De pronto la voz del joven cambió y sonaba como que había rebotado en su cama. La felicitó por aquello con la voz más como él, siempre entusiasta.

-Gracias pero bueno, aparte de dar la noticia hablaba porque tengo que hacerte unas preguntas y necesito que seas sumamente discreto o… o…-

-O te demando- dijo la voz grave de Sesshomaru tomando el celular de la mano de Miroku y llevándoselo frente a su boca.

-Puedes contar con mi discreción- declaró con honestidad.

-Bien. Hojo, en la fiesta de hace siete meses, estuviste conmigo y mi asistente, ¿Tú fuiste el que nos llevó a mi departamento-

Un silencio no muy largo se escuchó del otro lado de la bocina.

-Sí-

-Sé que tal vez no es un tema muy agradable pero, ¿podrías decirnos que fue lo que pasó?-

Pues bien, resultó que esa noche, Sesshomaru y Kagome rondaban el lugar tomados del brazo haciendo bulla con cada grupo de gente que encontraban como dos camaradas de tragos. Cuando llegaron con Hojo comenzaron a hablar de temas triviales por no decir que si sentido. El joven quien no acostumbraba tomar se encontraba cien por ciento sobrio y después de unos minutos de platicar se ofreció a llevarlos a su casa debido a que en el estado en que se encontraban, ni siquiera iban a chocar porque de seguro ni iban a poder encontrar su coche, además que ya estaba harto de tanta palabrería sin sentido. Como no iba en su auto Sesshomaru muy acomedidamente le entregó las llaves del suyo.

-¡¿QUÉ? ¡YO JAMÁS HARÍA ESO!-

-Pues esa noche lo hiciste- dijo Hojo continuando con su relato.

Mientras salían del edificio notó que los dos borrachitos iban muy tomados de la mano mirándose sin ver por donde caminaban por lo que tuvo que guiarlos con sumo cuidado hasta el asiento trasero del automóvil. Al sentarse en el asiento del conductor comenzó a ajustar los espejos ya que Sesshomaru era un youkai bastante alto y él era más bajito; al acomodar el espejo retrovisor vio que ya no eran camaradas de tragos sino que ahora intercambiaban saliva. Ignoró el hecho de que, conforme el coche avanzaba y daba más vueltas en las calles, la respiración de ambos se hacía más agitada y ahora no sólo era respiración sino gemidos, risas e incluso golpes con las ventanas y el techo.

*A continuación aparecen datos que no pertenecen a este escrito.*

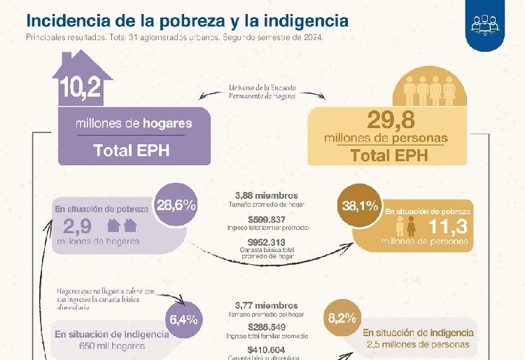 La pobreza alcanzó al 38,1% de las personas y al 28,6% de los hogares en el segundo semestre de 2024, según la Encuesta Permanente de Hogares en 31 aglomerados urbanos publicada hoy por el Indec.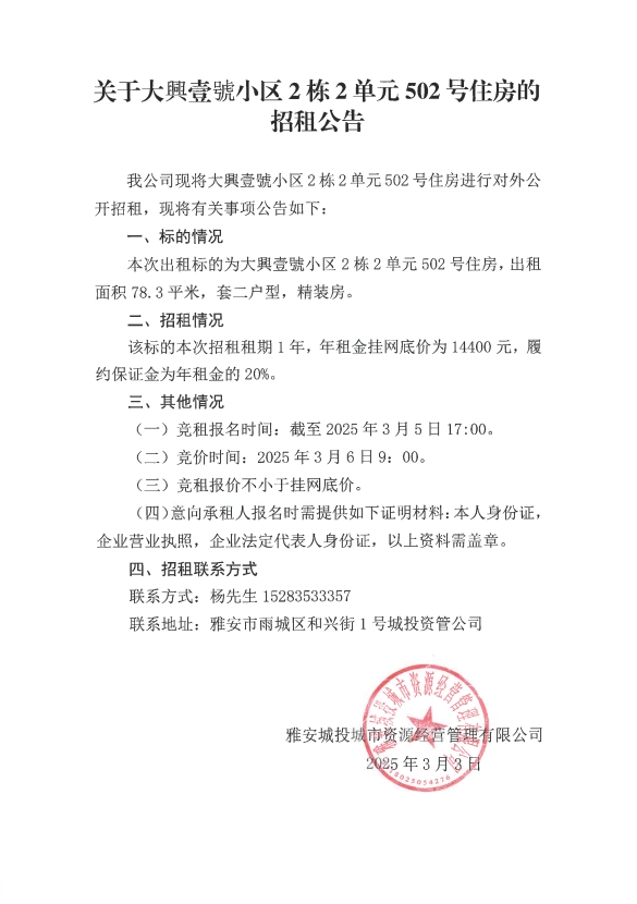 關(guān)于大興壹號(hào)小區(qū)2棟2單元502號(hào)住房的招租公告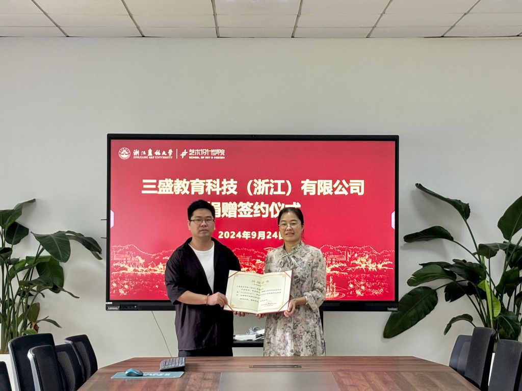 儀式上,雙方共同簽署捐贈(zèng)協(xié)議,并向三盛教育科技(浙江)有限公司頒發(fā)了捐贈(zèng)證書。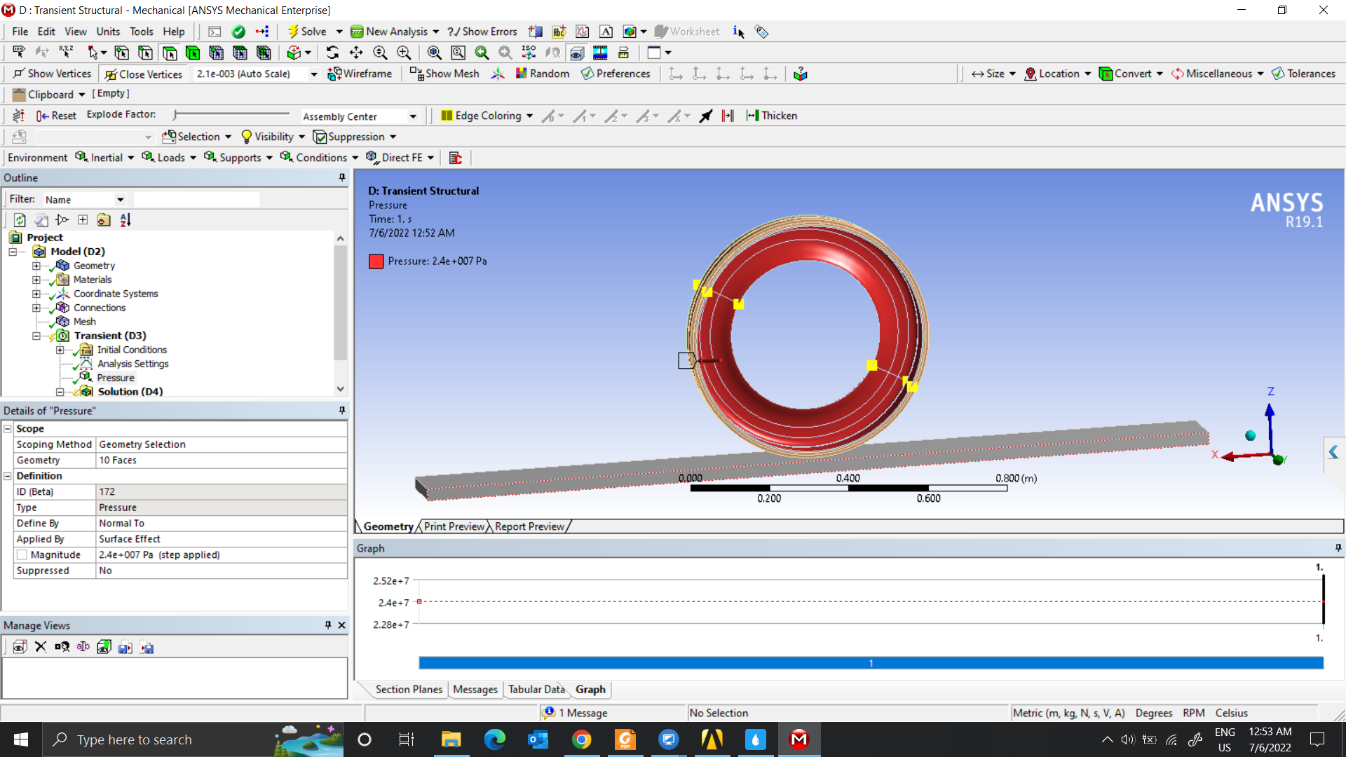 In the first step, I want to find the displacement of the tire. I will set the pressure condition on the inner surface of the tire. Next is the pressure but I don’t know how to set it properly. Hope you can guide me further. Thank you very much.

-Entonces tuve que llevarlos hasta la puerta de tu departamento; ya para ese punto Kagome, tú ya no tenías blusa y tú…-

-¡Ya, ya sabemos todo lo que necesitábamos, gracias!-

-De nada y felicida… -

Después de colgar la llamada hubo un silencio bastante incómodo en la habitación.

-Pft, esto es bastante… raro- dijo InuYasha rompiendo el hielo.

-¿Qué haces aquí?- preguntó Sesshomaru de pronto notando la presencia de su hermano.